What leadership means in non-hierarchical structures.

tyler malin
3 min readNov 13, 2021

Just because we have lived our entire lives in top-down hierarchical organizations that are owned by a few but built on the participation of the many does not mean that has to be our future.

In the past year, I have witnessed incredible innovation in how people have organized and come together to provide value and build a common vision into reality. From the E-Corps I have been modeling and starting up at Everyone Inc., to platform cooperatives to DAOs, there is now a vibrant array of new ways to work within communities to find a common vision, raise capital, self-organize to achieve complex tasks, and create wealth. I have spent the past year deeply engaged in how to build more democratic and more participant-managed organizations.

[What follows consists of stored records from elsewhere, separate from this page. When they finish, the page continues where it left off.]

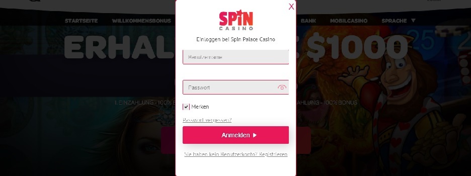 Im Spin Palace Casino geht nichts, ohne sich vorher mit seinem Account einzuloggen. Bevor sich der Spieler einloggen kann, muss er die Registrierung durchführen. Diese ist recht verständlich und in wenigen Minuten vollbracht. Zuerst muss der Neukunde sein Land und seine E-Mail-Adresse eingeben und weiterhin einen Benutzernamen und ein Passwort ausdenken. Anschließend folgt der zweite von insgesamt drei Schritten.
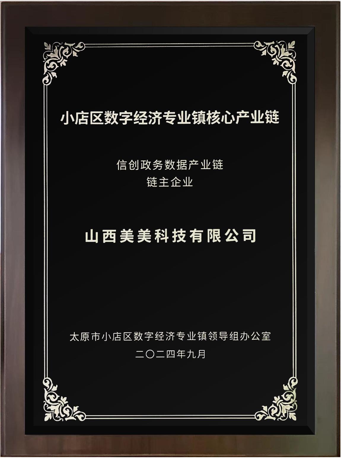 喜报!美美科技荣获小店区数字经济专业镇信创政务数据产业链链主企业
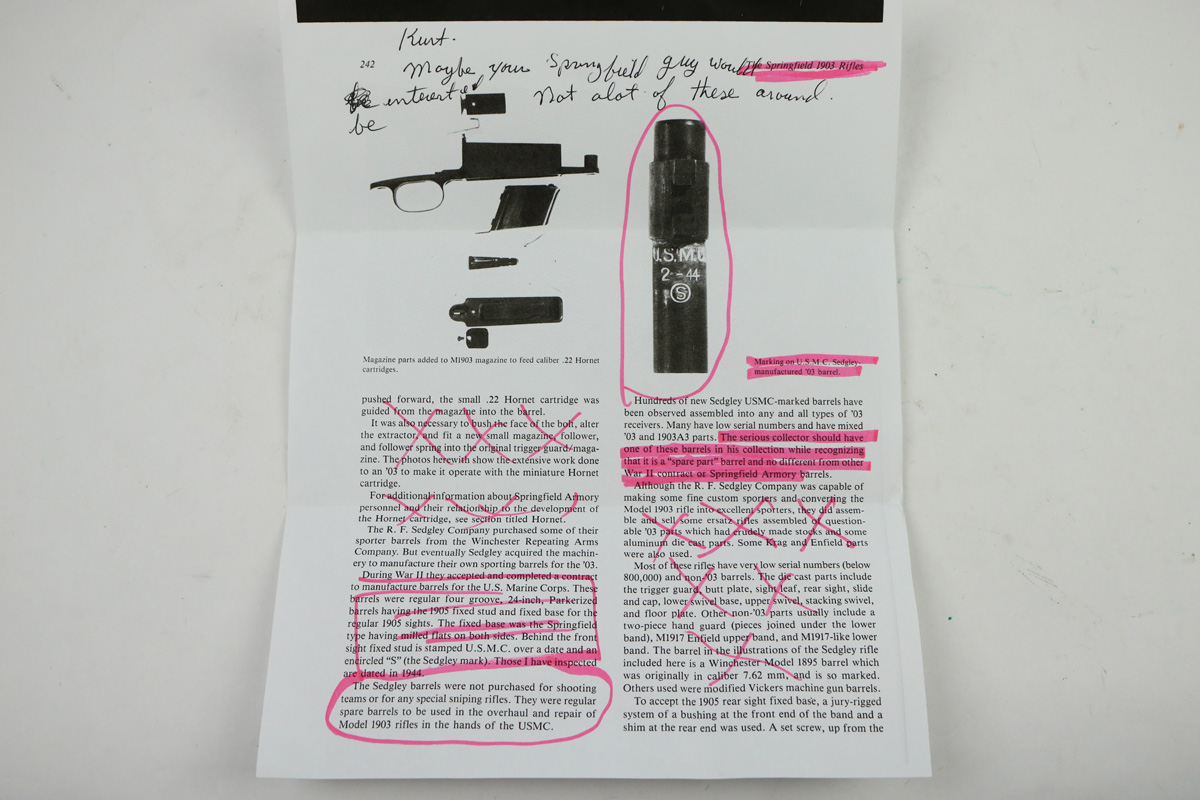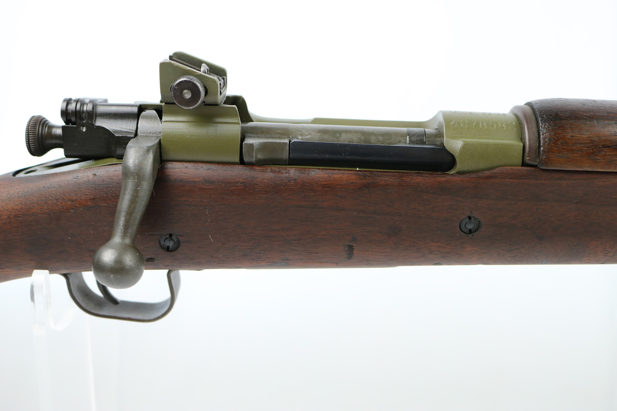8/15/18 – This is an original Remington 03-A3 that was built for military use during WW2. The rifle was then later sent back to the Springfield arsenal where it was refinished and rebuilt with a Sedgely barrel. The barrel is USMC stamped, and dated 1943. The rifle receiver has an unusual olive green finish. The finish is minty on the receiver. The barrel has some minor wear, but is in great shape overall as shown in photos. The stock is arsenal stamped from Springfield and shows light signs of sanding, but overall is in excellent condition. The bore is minty with excellent rifling. Guaranteed original and fully functional. Comes with some documentation on these USMC rebuilt rifles – please see photos.
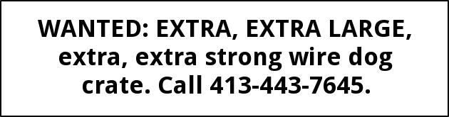 WANTED: EXTRA, EXTRA LARGE, extra, extra strong wire dog crate. Call 413-443-7645.
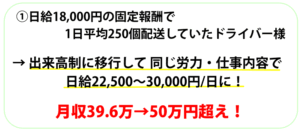多くの現役プロドライバーは、 出来高制に切り替えてから 収入が2倍近く上がった と実感しています。
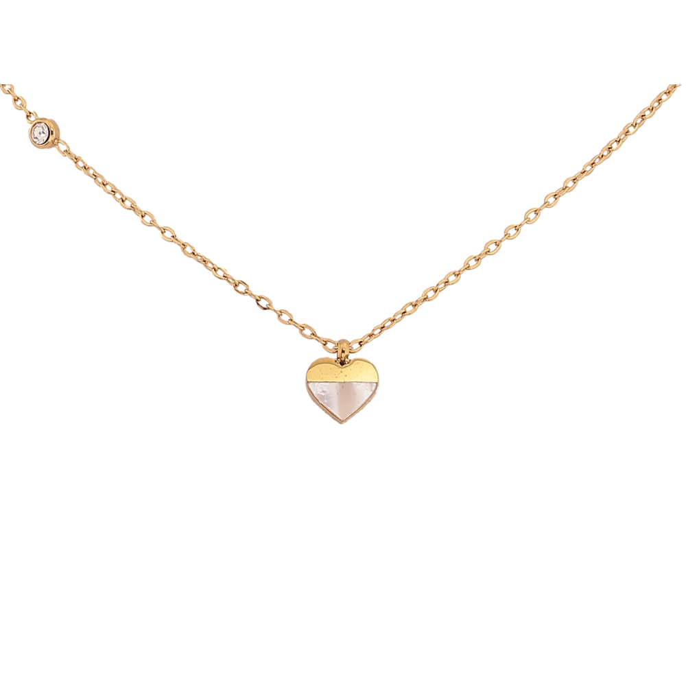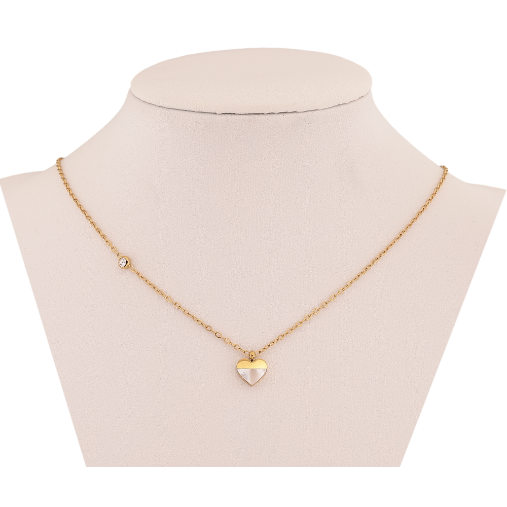 Підвіска на ланцюжку Xuping ТТМ Stainless Steel колір 14К "Серце з перламутром і кристалом" довжина 41-46см х 1мм
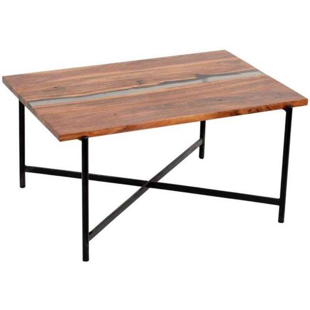 Table basse moderne de la collection River au design luxueux Tables centrales en bois d'acacia Pieds en métal 36x24x18 Meubles de maison pour le salon
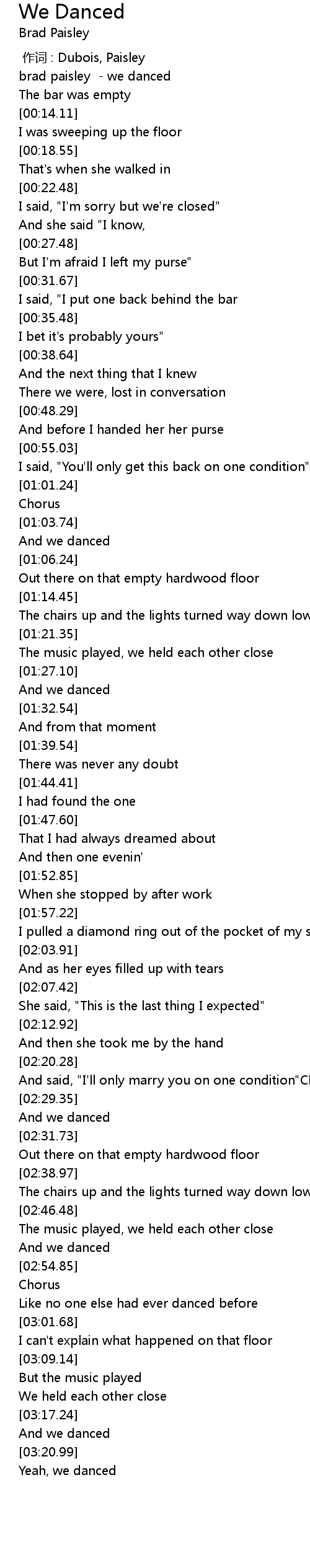 | [00:00.65] | brad paisley - we danced |
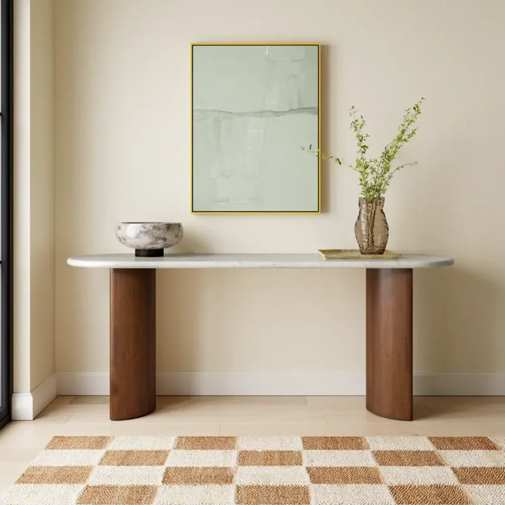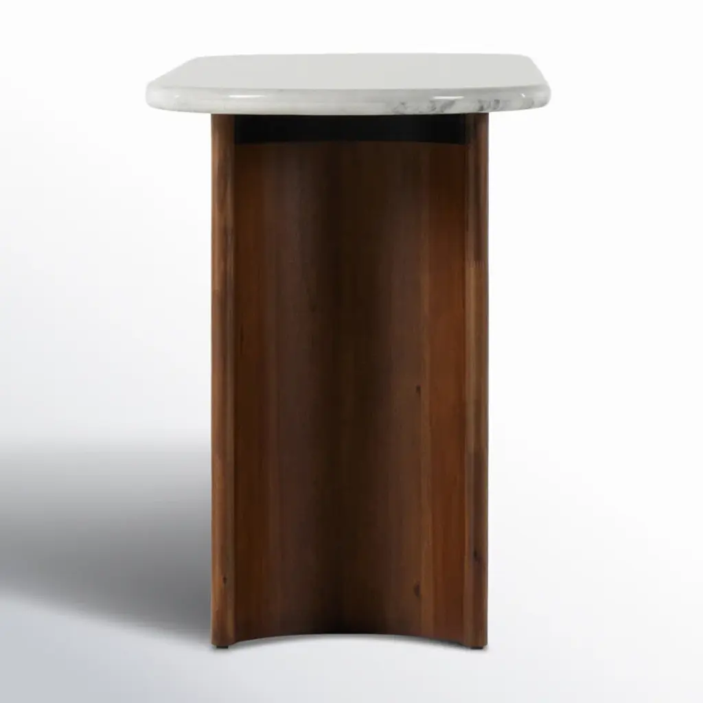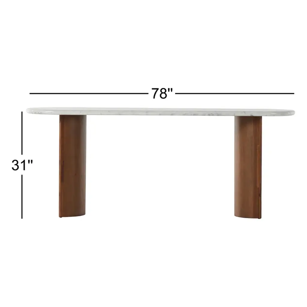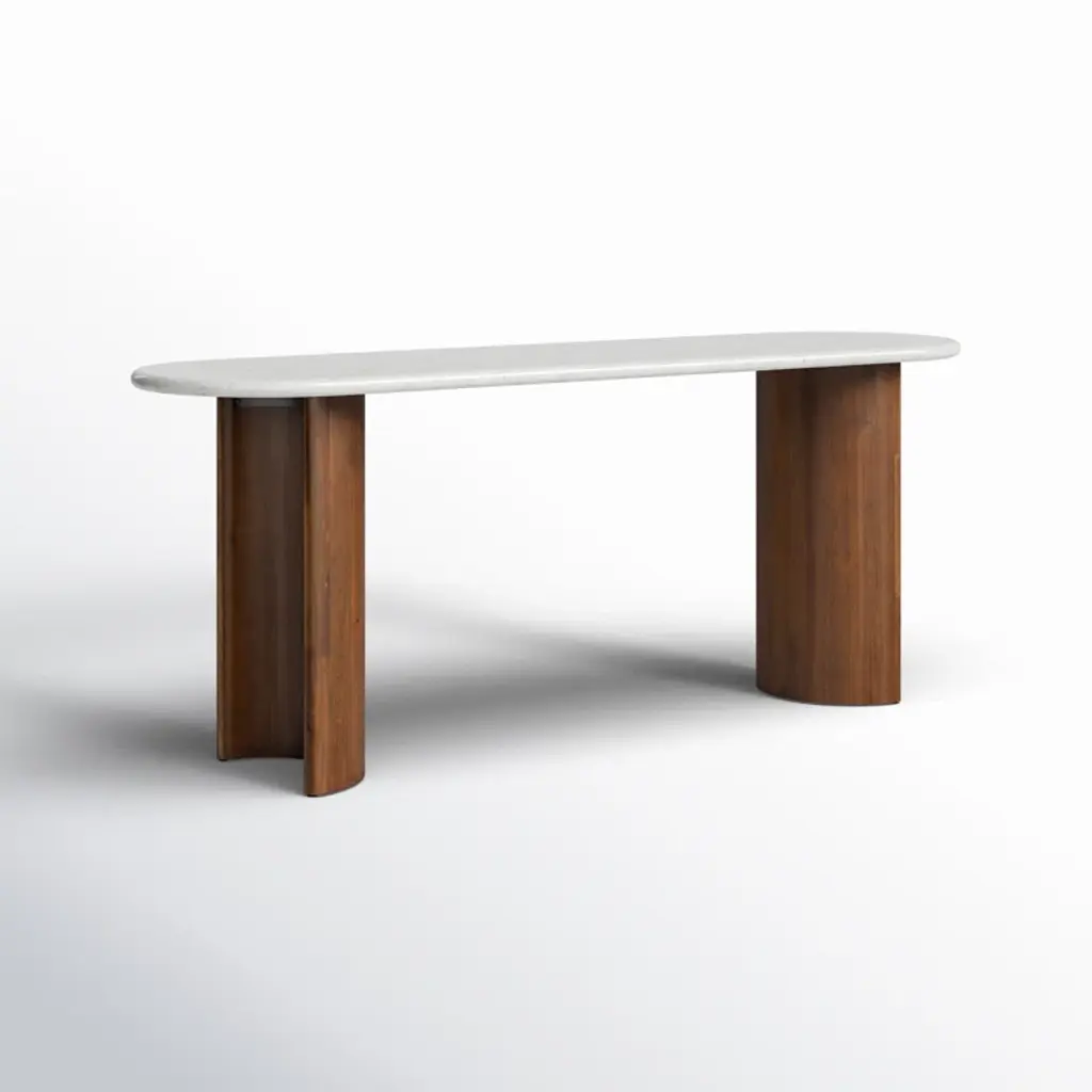 This console table brings sleek, minimalist style to your living room. Its oval surface is crafted from genuine white marble, supported by legs made from solid acacia wood. The double-arching base adds a sculptural, architectural touch, while the surface is just right for a lamp and accents. Pair it with pieces from the collection for a cohesive look.

If our systems and organizations are evolving towards less hierarchical structures it is obvious that the next great new businesses of this era will need to have leaders that have vastly different skillsets than that of the old guard. Of course, some of those skills may involve unique dev, creative or growth-related skills — but more importantly, I believe leadership will need to embody a completely new set of core values and ethics to lead.

I came across Dean Spade’s work through AOC’s Mutual Aid Toolkit (see below). I have always been interested in mutual aid as a principle because it certainly feels like how communities should be working together especially in times of need. It feels like people are supposed to help each other out but somehow we forgot that.

Mutual Aid 101: Toolkit

Dean’s book Mutual Aid: Building Solidarity During This Crisis (and the next) is a primer on why mutual aid is so important for individuals, communities, and democracy. The book goes into the theory of mutual aid and its history but is highly action-oriented providing concrete tools and plans to organize in our neighborhoods and create the communities we want to live in.

Mutual Aid: Building Solidarity During This Crisis (and the Next)

It was in the context of building grassroots Mutal Aid that Dean posted a list of leadership qualities supporting mutuality vs. hierarchy.

Those qualities include:

  • Being just and accountable vs. success by domination.
  • Being Willing to admit mistakes vs. Fear of losing reputation or looking weak
  • Wining support by being supportive and trustworthy vs. Winning others’ support through status, fear.
  • Fostering compassion and a desire that no one is left out of the group vs. Fostering competition in the group
  • Seeing the long view and holds to values vs. Seeking immediate gains, even if it means big compromises.
  • Being Controlling, micromanaging vs. Being able to delegate, can ask for help, wants more people’s participation rather than more control.

I think this is a list that every decentralized organization should be seeking from leaders and I hope that a shift in focus will lead to a more diverse, more empathetic, and more successful set of leaders and ventures moving forward.